Required work: Would you write out the lines below exactly, from the one containing "AMD A520 | micro" to the very last, but without the pictures?

Start of Material provided

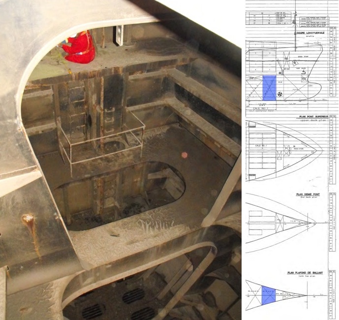 Left – Forward bulkhead with stringers, ladders and guardrails
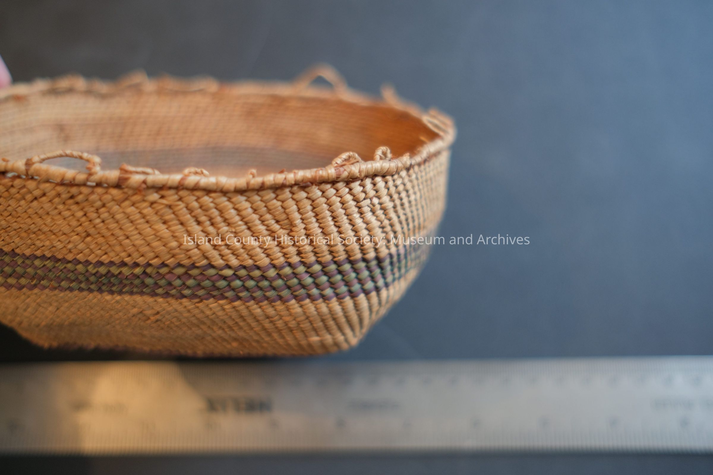 oblong, woven cedar basket, unk affiliation
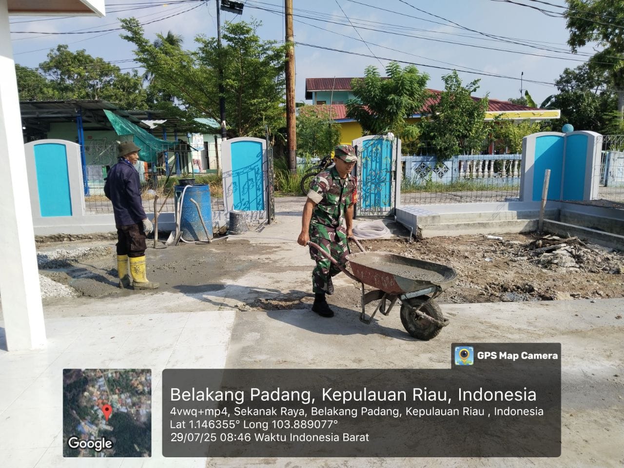 Dalam kegiatan tersebut, Babinsa turut membantu tukang mendorong gerobak berisi adukan semen untuk pembuatan lantai garasi rumah warga. Hal ini menjadi bentuk nyata kedekatan dan kepedulian Babinsa terhadap masyarakat.
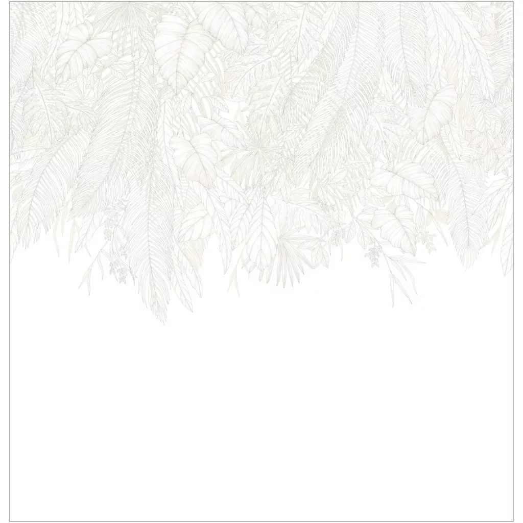 Ez a trópusi leveles design tapéta természet ihlette eleganciát visz az enteriőrbe. A finom vonalrajzzal megjelenített pálmalevelek és egzotikus növények harmonikus kompozíciója könnyed, légies hatást kelt a falon.
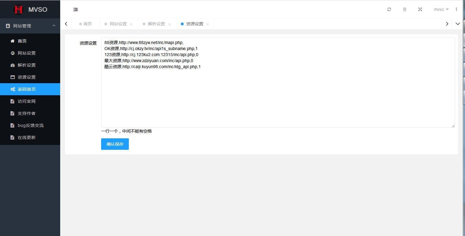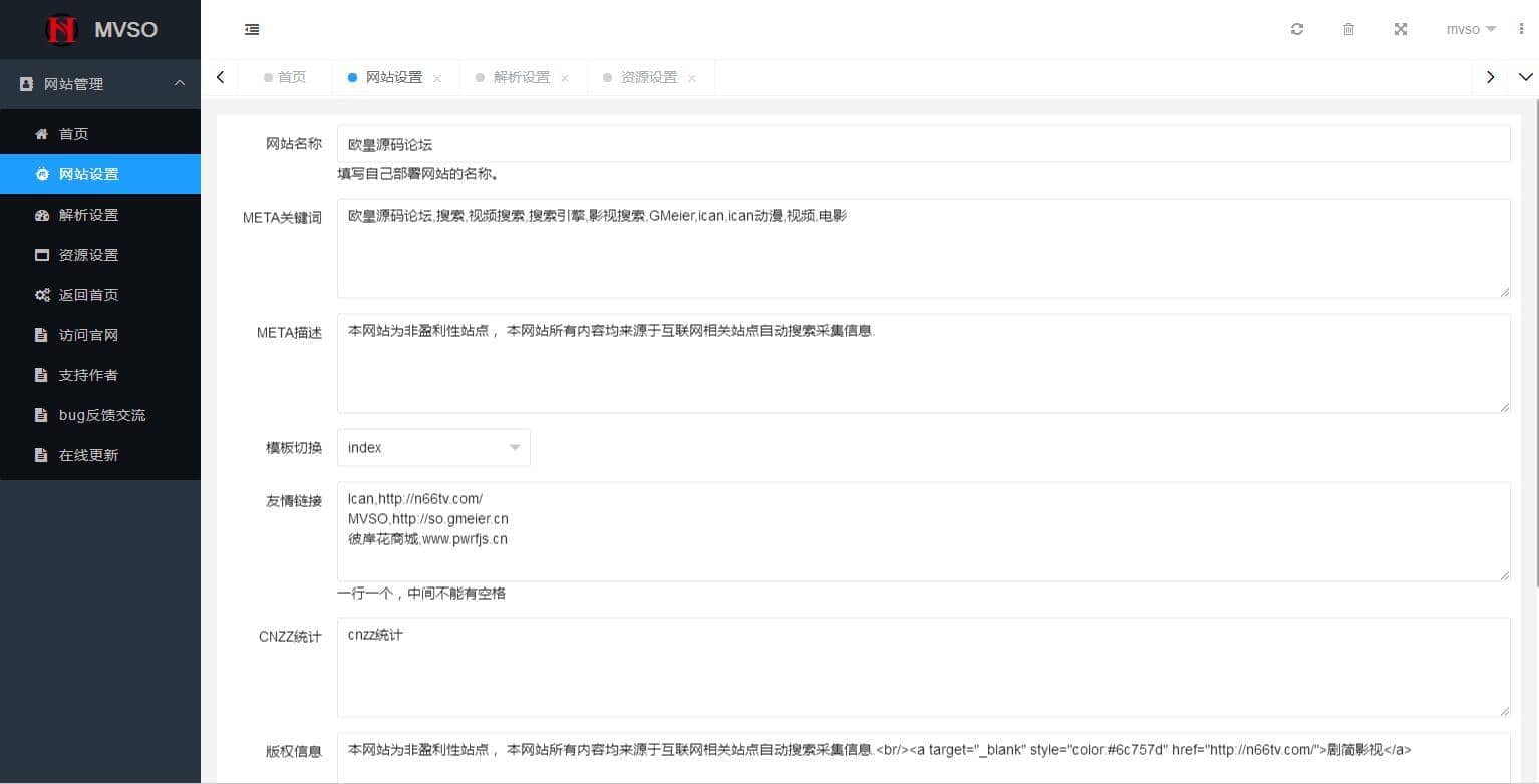 请用php7.1|7.2(推荐PHP7.2) 宝塔伪静态用thinkphp,EP面板上传直接用 不支持二级目录搭建本程序 !!!切记不需要设置二级目录!!! nginx伪静态在根目录.nginx.htaccess apache在根目录.htaccess ep面板无需设置伪静态 后台地址:域名/admin/index 用户名:mvso 密码:123456
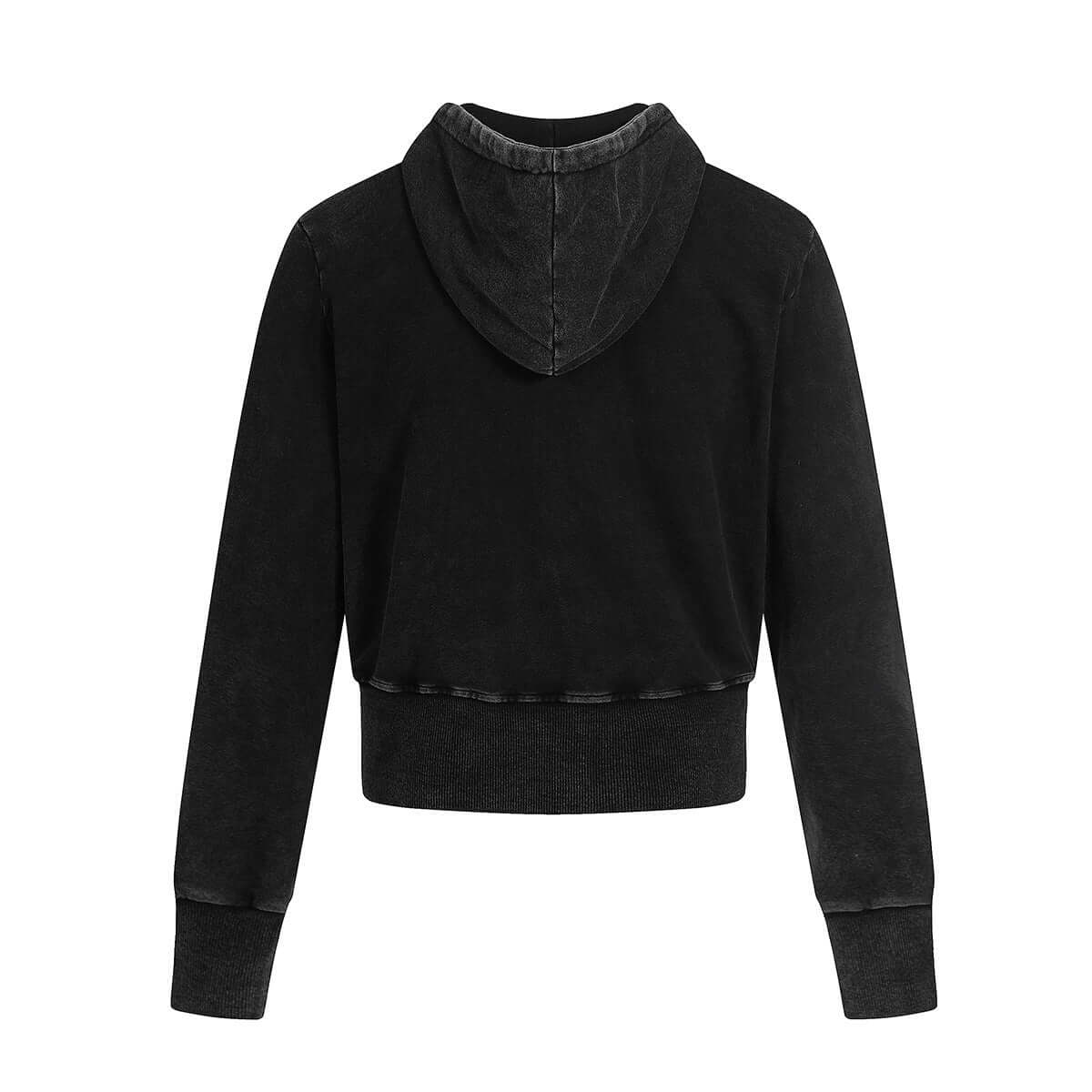 • Back view of the Washed Retro Zip Hooded Jacket – Fitted showcasing the cropped design and hood.
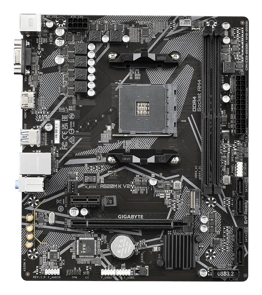 AMD A520 | micro ATX | Audio 7.1 channels | CPU AMD | Socket Socket AM4 | Series AMD Ryzen 3000 Series/AMD Ryzen 5000 Series | Supported memory types DDR4-SDRAM | 2xNumber of memory slots | Memory slots type DIMM | Supported storage drive interfaces M.2,SATA III | 4096 x 2160 pixels | 2xUSB 2.0 ports quantity | 4xUSB 3.2 Gen 1 (3.1 Gen 1) Type-A ports quantity | 1xEthernet LAN (RJ-45) ports | 1xVGA (D-Sub) ports quantity | 1xHDMI ports quantity
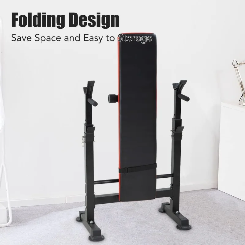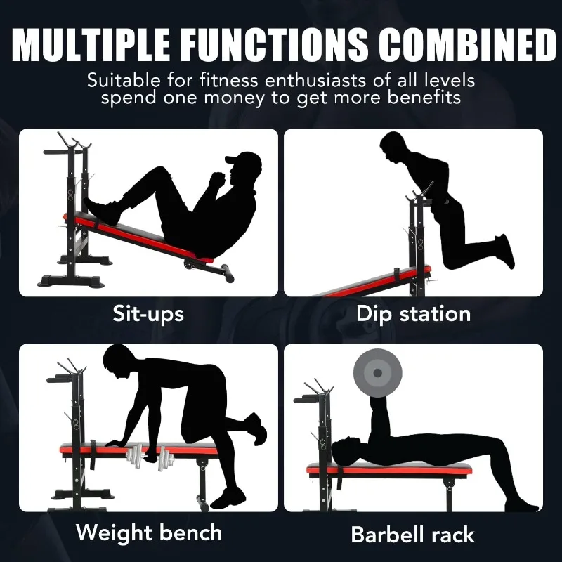PayLessHere Adjustable Weight Bench with Barbell Rack,Bench Press Folding Multi-Function Workout Bench with Dip Station

End of Material provided

Exercise answer:
 AMD A520 | micro ATX | Audio 7.1 channels | CPU AMD | Socket Socket AM4 | Series AMD Ryzen 3000 Series/AMD Ryzen 5000 Series | Supported memory types DDR4-SDRAM | 2xNumber of memory slots | Memory slots type DIMM | Supported storage drive interfaces M.2,SATA III | 4096 x 2160 pixels | 2xUSB 2.0 ports quantity | 4xUSB 3.2 Gen 1 (3.1 Gen 1) Type-A ports quantity | 1xEthernet LAN (RJ-45) ports | 1xVGA (D-Sub) ports quantity | 1xHDMI ports quantity
PayLessHere Adjustable Weight Bench with Barbell Rack,Bench Press Folding Multi-Function Workout Bench with Dip Station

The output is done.